**Task data**:

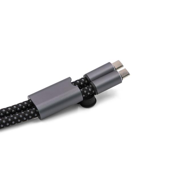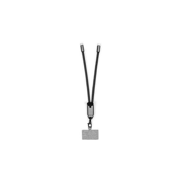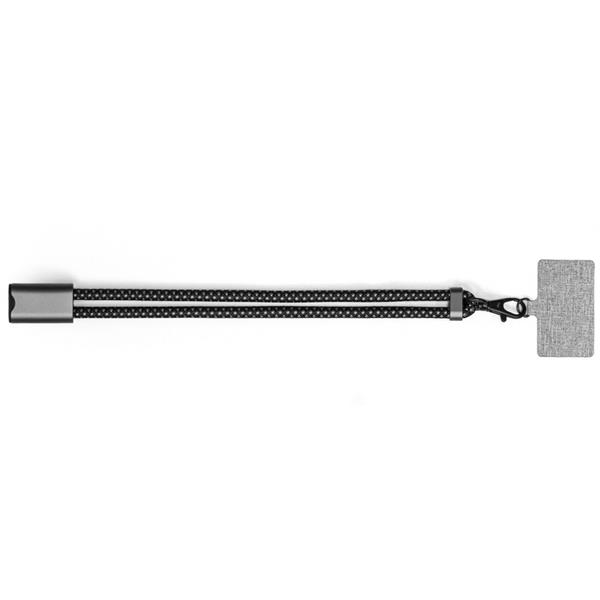 Kabel do ładowania i synchronizacji BrandCharger Lany Wristband Charge, wykonany z przetworzonych powtórnie butelek PET, lekki, regulowany i przetestowany pod kątem wytrzymałości do 8 kg, pasuje do większości etui na telefony, wyposażony w kabel w oplocie RPET-Nylon z wejściem typu C i wyjściem USB typu C, obsługuje moc do 60 W, kabel o długości 22 cm, produkt wykonany z nylonu, aluminium i RPET
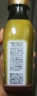 おはようございます" width="16" height="16" />今日の朝ごはんに「DANTEエキストラバージンオリーブオイル」 を使って簡単なカクテルサラダを作りましたモニプラで当選いただいたのでご紹介します エキストラバージンオリーブオイルって何私、普通のオリーブオイルとあまり区別がつかなかったのですが、調べてみるとオリーブの果実を搾ってろ過しただけの、一切化学的処理を行わないバージンオイルのこと酸度が低くて新鮮、果実そのもののフルーティーな味わいだとか「DANTE」 は、1898年にイタリアで商標登録された歴史あるブランド銀座「ラベットラダオチアイ」のオーナーシェフも認めた銘柄です 炒め物などに使ってもいいけど、今日はその味わいを確かめるべくシンプルにサラダにして戴きます大根人参きゅうりを同じ大きさの賽の目切りにしてオリーブオイルをかけます お酢塩コショウを適量なじませた後、香りづけとしてシークワーサー果汁を垂らし(レモンより芳しいので私はよくシークワーサーを使います)少し置いたら出来上がり 今日の朝ごはんは 「DANTEエキストラバージンオリーブオイル」 のカクテルサラダオムライスしらすのコンソメスープでしたあれ、なんかオムライス&スープの写り具合がちょっとおかしい…すみませんサラダは、オイルがコクがありながらすごくさっぱりしていてしつこい感じが全然しませんでした私の中で、油のさっぱり具合ってサラダ油>オリーブ油>ゴマ油だったけど、「DANTE」 だったら 圧倒的にオリーブ油>サラダ油>ゴマ油になると思いましたとにかく うまいこの美味しさは、開封して早めに&やはり加熱せず味わいたいのでおいしいパンを用意してまた食べてみよう「DANTE」 があれば、おうちのイタリア料理が調味料はそのままでもおしゃれレストラン風な味に近づきます「DANTEエキストラバージンオリーブオイル」 とってもオススメです 日本製粉株式会社のファンサイトファンサイト参加中日本製粉株式会社DANTE エキストラバージンオリーブオイル 続きを見る ['close']
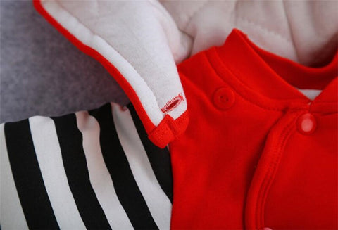 3-delige winteroutfitset met jumpsuit met capuchon en footies. Een warme en ademende winterbovenkleding voor babyjongens en -meisjes. Gestreept in blauwe, bruine, zwarte patronen, jumpsuit met capuchon aan de voorkant voor goede warmte. Het is speciaal ontworpen met rekbare stof voor je peuter, zodat hij kan rennen, kruipen en spelen zonder ongemakkelijk strak te zitten!
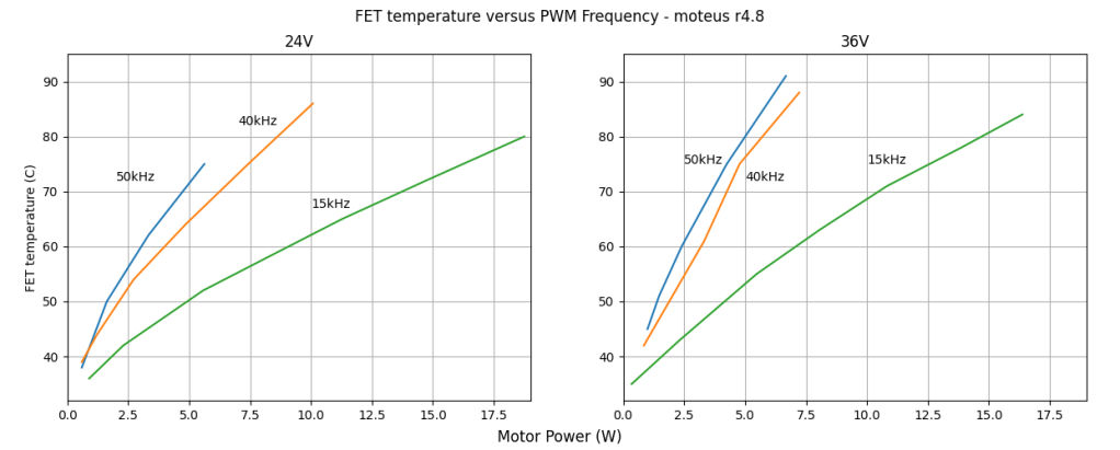 The rated 500W of peak power for moteus (limited to 450W by default in config), can be achieved with the default 40kHz switching rate. By increasing the switching rate, the peak power can be increased to 750W, and if the switching rate is decreased to the minimum of 15kHz, then the rated peak power is around 190W.
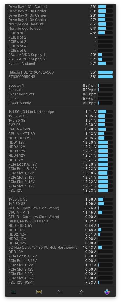 This morning I decided to replace the PRAM battery after reading that as a suggestion on a thread in here. Already depressed by the disappointment of a dead cMP, I pressed the power button not expecting anything, and woe and behold it POSTs and it's running again. I've since done three more shutdowns/restarts and no issues at all that I can tell. See iStat Menus Sensors snapshot below.
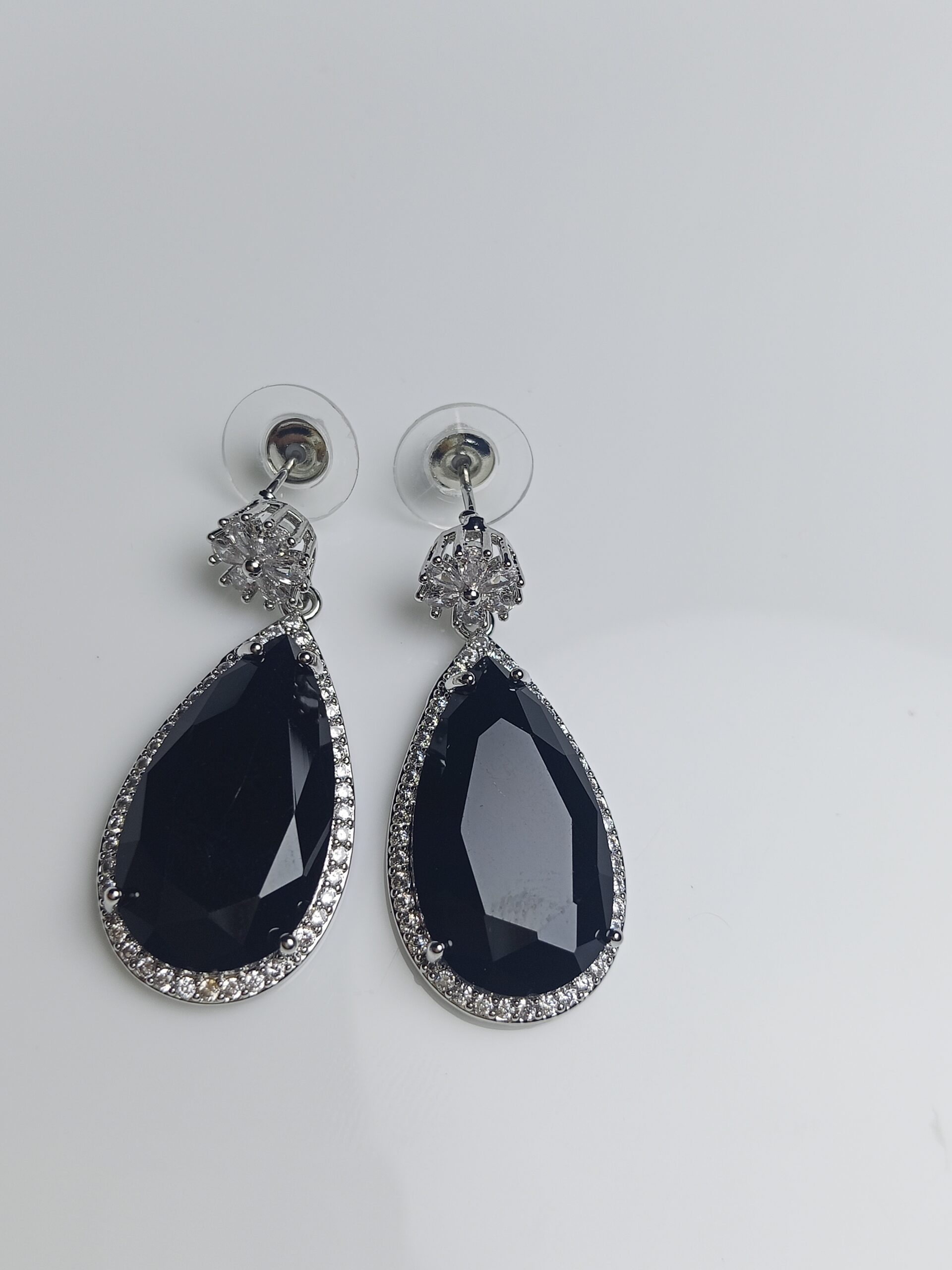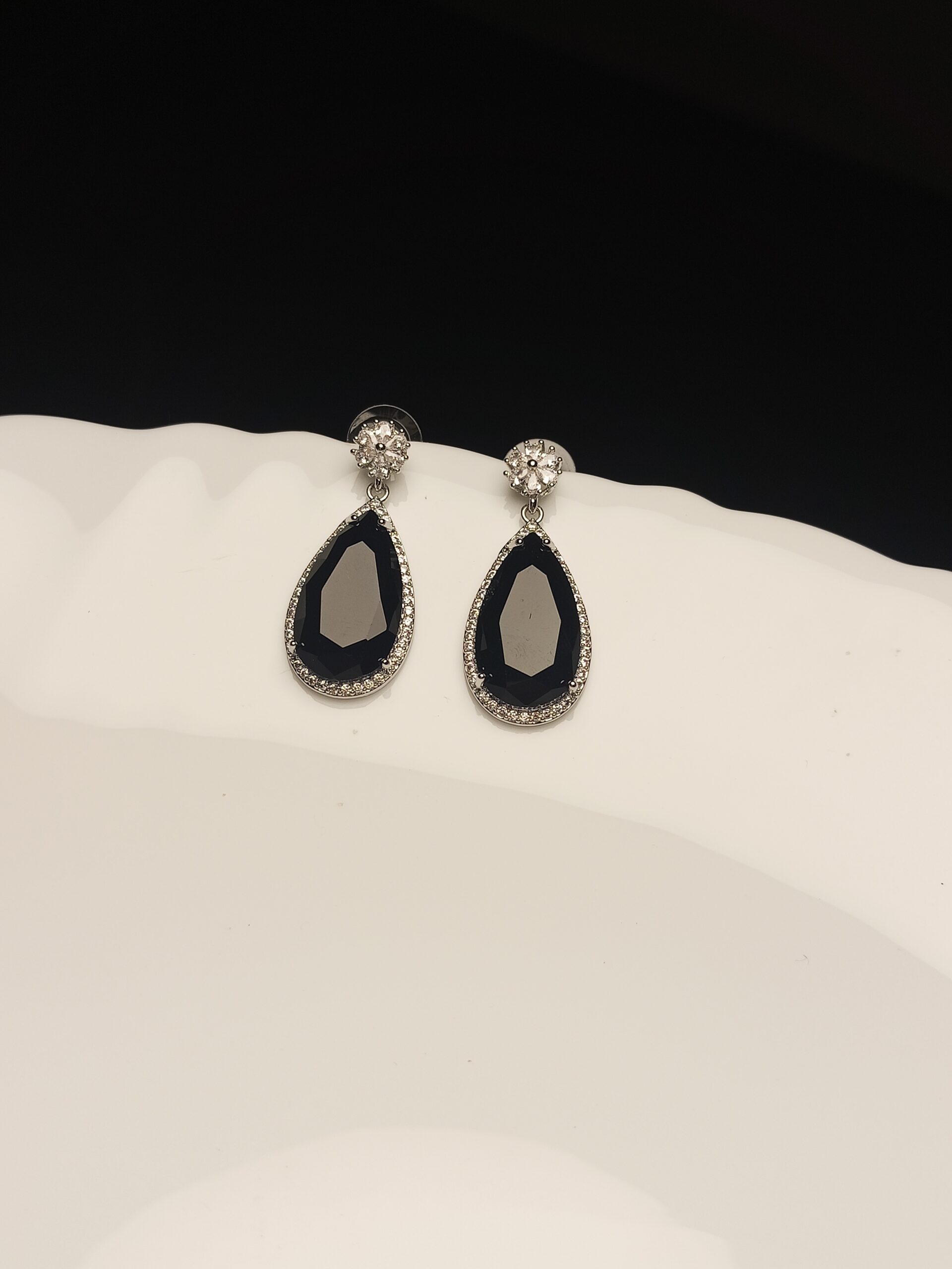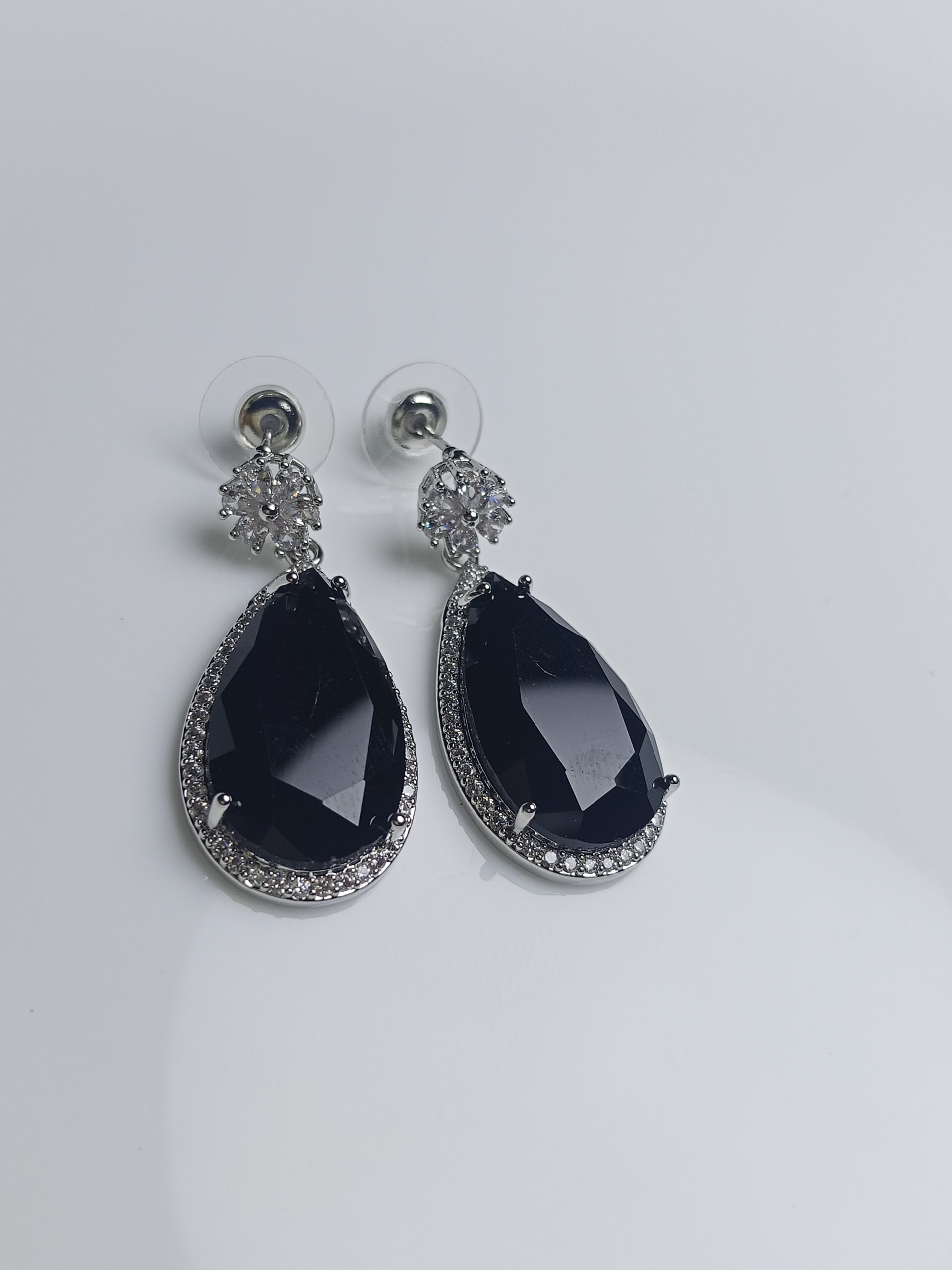 Elegant Black Teardrop Dangle Earrings with Zircon Accent
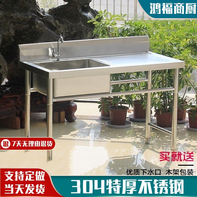 304加厚不锈钢水槽厨房t商用饭店洗衣台洗菜盆洗碗池带平台洗刷盆
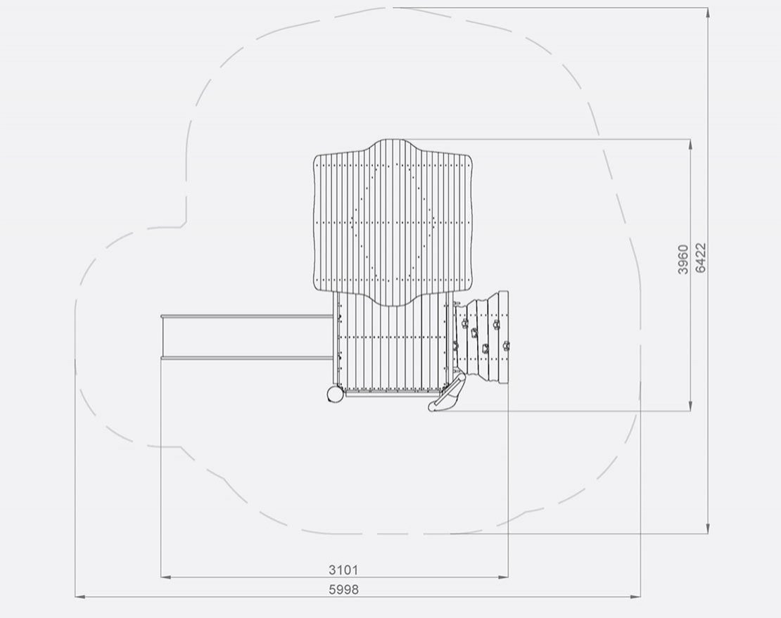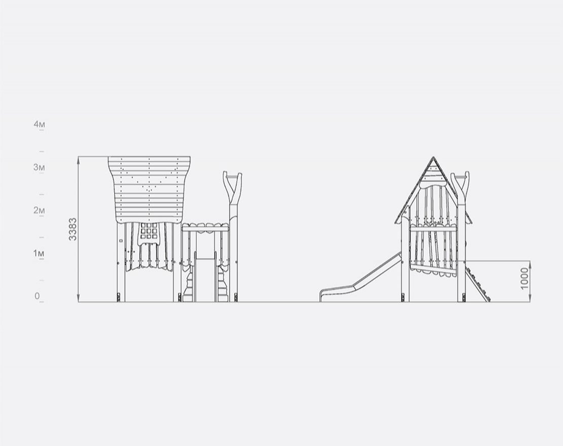 Представляет собой закрытый домик с крышей, стенами, окнами, небольшой металлической горкой с защитными бортиками и пандусом со скалодромными зацепами. Внутри домика установлена небольшая скамейка и подоконник. Для большего комфорта, конструкция оснащена ручками-стропами.

**Exercise brief**:
Repeat exactly the lines from the first line of the records above through the line containing "3-delige winteroutfitset met", leaving out the pictures.

**Answer box**:
 Kabel do ładowania i synchronizacji BrandCharger Lany Wristband Charge, wykonany z przetworzonych powtórnie butelek PET, lekki, regulowany i przetestowany pod kątem wytrzymałości do 8 kg, pasuje do większości etui na telefony, wyposażony w kabel w oplocie RPET-Nylon z wejściem typu C i wyjściem USB typu C, obsługuje moc do 60 W, kabel o długości 22 cm, produkt wykonany z nylonu, aluminium i RPET
 おはようございます" width="16" height="16" />今日の朝ごはんに「DANTEエキストラバージンオリーブオイル」 を使って簡単なカクテルサラダを作りましたモニプラで当選いただいたのでご紹介します エキストラバージンオリーブオイルって何私、普通のオリーブオイルとあまり区別がつかなかったのですが、調べてみるとオリーブの果実を搾ってろ過しただけの、一切化学的処理を行わないバージンオイルのこと酸度が低くて新鮮、果実そのもののフルーティーな味わいだとか「DANTE」 は、1898年にイタリアで商標登録された歴史あるブランド銀座「ラベットラダオチアイ」のオーナーシェフも認めた銘柄です 炒め物などに使ってもいいけど、今日はその味わいを確かめるべくシンプルにサラダにして戴きます大根人参きゅうりを同じ大きさの賽の目切りにしてオリーブオイルをかけます お酢塩コショウを適量なじませた後、香りづけとしてシークワーサー果汁を垂らし(レモンより芳しいので私はよくシークワーサーを使います)少し置いたら出来上がり 今日の朝ごはんは 「DANTEエキストラバージンオリーブオイル」 のカクテルサラダオムライスしらすのコンソメスープでしたあれ、なんかオムライス&スープの写り具合がちょっとおかしい…すみませんサラダは、オイルがコクがありながらすごくさっぱりしていてしつこい感じが全然しませんでした私の中で、油のさっぱり具合ってサラダ油>オリーブ油>ゴマ油だったけど、「DANTE」 だったら 圧倒的にオリーブ油>サラダ油>ゴマ油になると思いましたとにかく うまいこの美味しさは、開封して早めに&やはり加熱せず味わいたいのでおいしいパンを用意してまた食べてみよう「DANTE」 があれば、おうちのイタリア料理が調味料はそのままでもおしゃれレストラン風な味に近づきます「DANTEエキストラバージンオリーブオイル」 とってもオススメです 日本製粉株式会社のファンサイトファンサイト参加中日本製粉株式会社DANTE エキストラバージンオリーブオイル 続きを見る ['close']
 3-delige winteroutfitset met jumpsuit met capuchon en footies. Een warme en ademende winterbovenkleding voor babyjongens en -meisjes. Gestreept in blauwe, bruine, zwarte patronen, jumpsuit met capuchon aan de voorkant voor goede warmte. Het is speciaal ontworpen met rekbare stof voor je peuter, zodat hij kan rennen, kruipen en spelen zonder ongemakkelijk strak te zitten!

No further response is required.